Increased radioresistance via G12S K-Ras by compensatory upregulation of MAPK and PI3K pathways in epithelial cancer.

BACKGROUND: Irradiation-induced signaling via the 2 pathways, Raf-MEK-ERK and PI3K-Akt, is known to be closely associated with a limited response to radiotherapy. In the present study we analyzed the relevance of constitutively active K-Ras for postradiogenic pathway stimulation and the option of coordinated inhibition to overcome these rescue mechanisms.
METHODS: We used 2 epithelial tumor cell lines as a model system, one of them harboring a G12S K-Ras mutation. Cells were irradiated and the effect of combined treatment with ionizing radiation and inhibitors on the expression of pERK and pAkt was determined by Western blotting. Additionally, clonogenic assays were performed to functionally analyze survival of the cell lines.
RESULTS: Compared with the nonmutated cells we observed the G12S cell line showing a clearly reduced response to inhibitor treatment under irradiation. In the case of pharmacologic inhibition of 1 of the pathways a compensatory upregulation of the second cascade leading to increased clonogenic survival seems feasible. However, there was a good functional response of this cell line to double inhibition with both compounds represented by minimized colony forming ability. The activation of ERK and Akt after irradiation was confirmed in xenotransplants showing elevated postradiogenic protein levels.

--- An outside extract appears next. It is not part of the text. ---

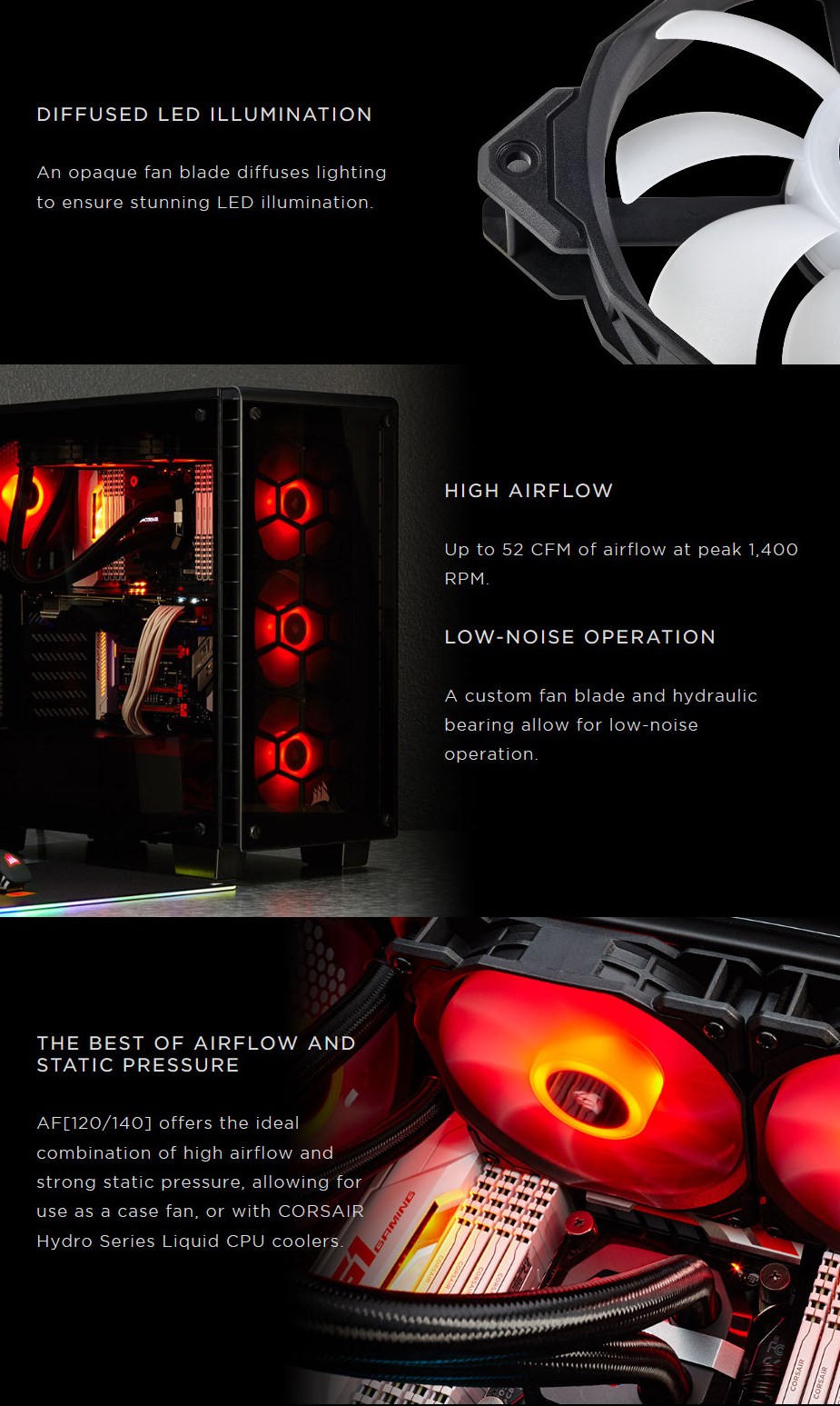 Corsair AF Series AF120 LED 120mm Fan - Red - 3 Pack - 3x 120mm Fans - Red LED 3 PIN - Hydraulic Bearing - Airflow: Up to 52 CFM (Peak 1,400RPM) - Noise Level: 26dBA - Hub-mounted LEDs - Low-noise operation - CO-9050083-WW - 2 Years Limited Warranty
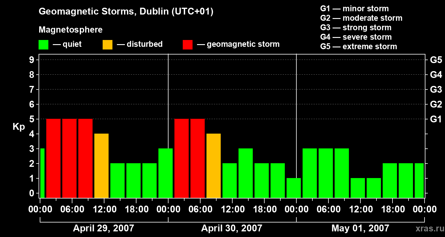 Changes in the geomagnetic index Kp from April 29 to May 1, 2007 for mid latitudes

CONCLUSION: With our data we confirmed our hypothesis of postradiogenic constitutive activation of the 2 pathways both required for Ras-mediated radioresistance in epithelial cells. If this effect should prove itself as a general mechanism in Ras-mutated tumors, application of specific inhibitors to block both cascades in parallel could contribute to enhance radiosensitivity in these types of cancer.